Зорин подал руку своей кузине, англичанка взяла под плечо болонку, и они вышли из диванной. Маргарита Степановна приказала слуге унести чайный прибор, поправила на себе шаль, уселась покойнее на диване, вынула из ридикюля батистовый платок и начала речь следующим образом… Да нет, когда разговаривают многие, тогда рассказ решительно не у места. Все эти пояснительные речи: такой-то сказал, такая-то отвечала, тот возразил, этот прервал, та подхватила — только что сбивают и путают читателя, итак, позвольте мне прибегнуть к обыкновенной драматической форме. Это будет и яснее и проще.
IV
Московская старина
На прошлой неделе сосед мой, Николай Степанович Соликамский, обещал завернуть ко мне сегодня часов в девять поутру, чтоб ехать вместе в Оружейную палату. Николай Степанович принадлежит к весьма малому числу моих искренних приятелей; он почти одних со мною лет, бездетный вдовец, великий антикварий и ужасный библиоман. Конечно, не у многих найдется такое любопытное собрание старинных русских печатных книг и манускриптов, из которых, однако ж, иные весьма для меня подозрительны, а особливо какой-то исписанный бог знает какими буквами бесконечный свиток, который, по мнению моего приятеля, есть истинный и подлинный список «Слова о полку Игоревом». Николай Степанович очень добрый, умный и образованный человек, но у него есть одна слабость, впрочем самая невинная и безгрешная: он видит везде славян, находит во всех древних языках сходство с славянским языком, и даже не шутя готов уверять, что греки Омировой «Илиады» все чистой славянской породы. Не знаю наверно, а кажется, ему первому пришла в голову догадка, что царя Менелая прозвали этим именем, потому что он со всеми ругался и что ему часто говорили: «Мене лай!» Несмотря, однако ж, на эту странную славяноманию, он человек истинно ученый и, конечно, один из первых русских археологов нашего времени. Прождав его к себе с полчаса, я подумал наконец, что он купил на Смоленском рынке какой-нибудь древний манускрипт или выменял у раскольника старинный требник, занялся поверкою текста и решительно забыл свое обещание.

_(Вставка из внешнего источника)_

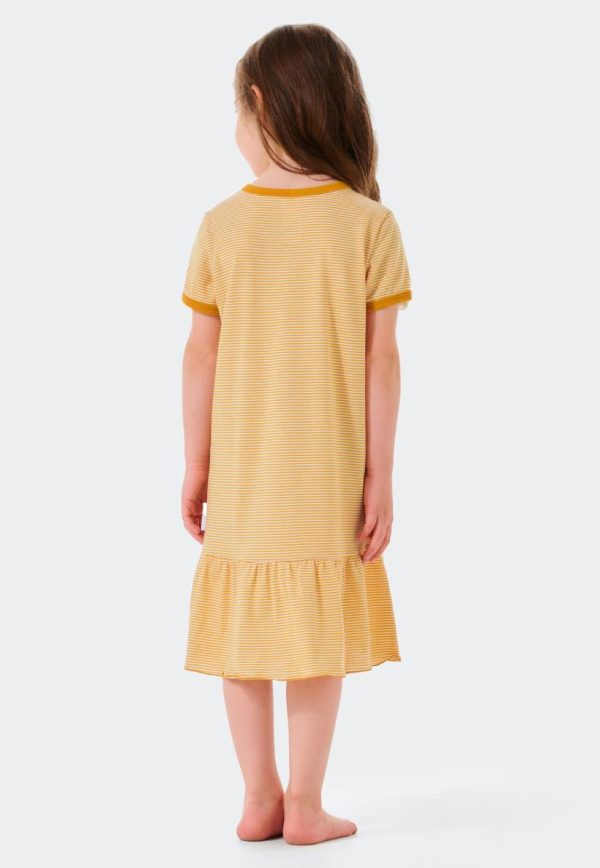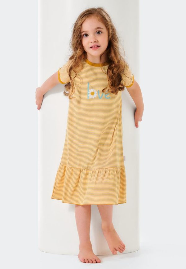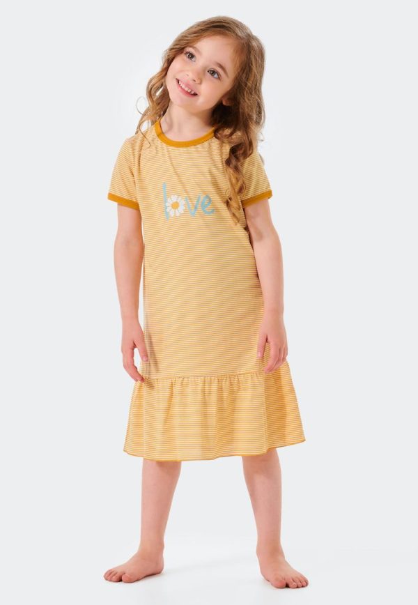 Aufgepasst, ihr kleinen Traumtänzerinnen – dieses hübsche Kurzarm-Nachthemd in strahlend Gelb ist einfach nur zuckersüß! Der fröhliche Ringel-Look und Volant sorgen für jede Menge gute Laune beim Zubettgehen. Auf der Brust wird ein toller „love“Schriftzug samt großer Margariten-Blüte zum echten Hingucker. Das natürliche Material in Baumwoll-Bamboo-Qualität ist besonders atmungsaktiv und garantiert auch in warmen Sommernächten entspannte Träume. Rundum bequem in bester SCHIESSER-Qualität.

Читать мне не хотелось; вот от нечего делать я присел к письменному столу, взял в правую руку перо, указательным пальцем левой руки уперся в лоб и начал думать… «Писать — да о чем?» При этом вопросе, который я задал самому себе, глаза мои нечаянно остановились на большом плане Москвы, который висит у меня в кабинете. «О чем? — повторил я. — Да я еще ничего не писал о московской старине; чего же лучше: давай писать об основании Москвы!»
«Не говоря уже о Новгороде и Киеве (так начал я, подумав несколько минут), есть много городов в России гораздо старее Москвы. Однако ж имя ее встречается в летописях первой половины XII столетия, следовательно, Москва существует уже семьсот лет. В 1147 году Суздальский князь Юрий Владимирович угощал в ней князя Святослава Ольговича Северского. Около того же времени в южной России она была известна под настоящим своим именем и под названием Кучкова. В XIII веке ее причисляли к залесским городам. Говорят также иные летописцы, которых не очень уважают в ученом мире, но которым я, как истинный москвич, готов от всей души поверить, что будто бы Москва основана еще в 882 году знаменитым Олегом, который, проезжая из Новгорода в Киев, построил городок на речке Неглинной, в том самом месте, где она впадает в Москву-реку. Впоследствии этот городок вместе со своим округом перешел во владение суздальского боярина Степана Ивановича Кучки. Дом этого боярина стоял на берегу Поганого пруда, который в начале XVIII столетия неизвестно почему переименован Чистым. Вся окружность этого пруда, составляющая нынешнюю Стретенскую часть, называлась Кучковым полем. Насильственная смерть боярина Кучки, убитого князем Суздальским Юрием Владимировичем, женитьба сына его Андрея Боголюбского на дочери умерщвленного боярина, и потом, спустя много лет, ужасная месть, совершенная сыном Кучки над этим же самым Андреем Боголюбским, необычайная казнь убийц великокняжеских, которых посадили живыми в деревянные короба и бросили в озеро Плещеево, где, по народному преданию, они и теперь еще плавают, — все это так занимательно и так походит на какой-то романтический вымысел, что, может быть, строгий критик не решится никак назвать эти происшествия историческими фактами. Впрочем, как бы то ни было, но то верно, что о Москве упоминается в летописях XII столетия и что в 1328 году Москва была уже столицей всей России, потому что Иоанн Данилович Калита перенес в нее из Владимира свой великокняжеский престол. Есть еще предание, о котором я не смел бы и заикнуться, говоря с ученым профессором истории. В этой легенде рассказывают о каком-то отшельнике Букале, который в незапамятные годы жил на нынешней кремлевской горе, покрытой тогда сплошным непроходимым бором, отчего этот холм и назывался в старину Боровицким. Теперь остались только в Кремле три памятника, напоминающие нам о существовании этого дремучего леса: собор Спаса на Бору, церковь Рождества Иоанна Предтечи на Бору и Боровицкие ворота.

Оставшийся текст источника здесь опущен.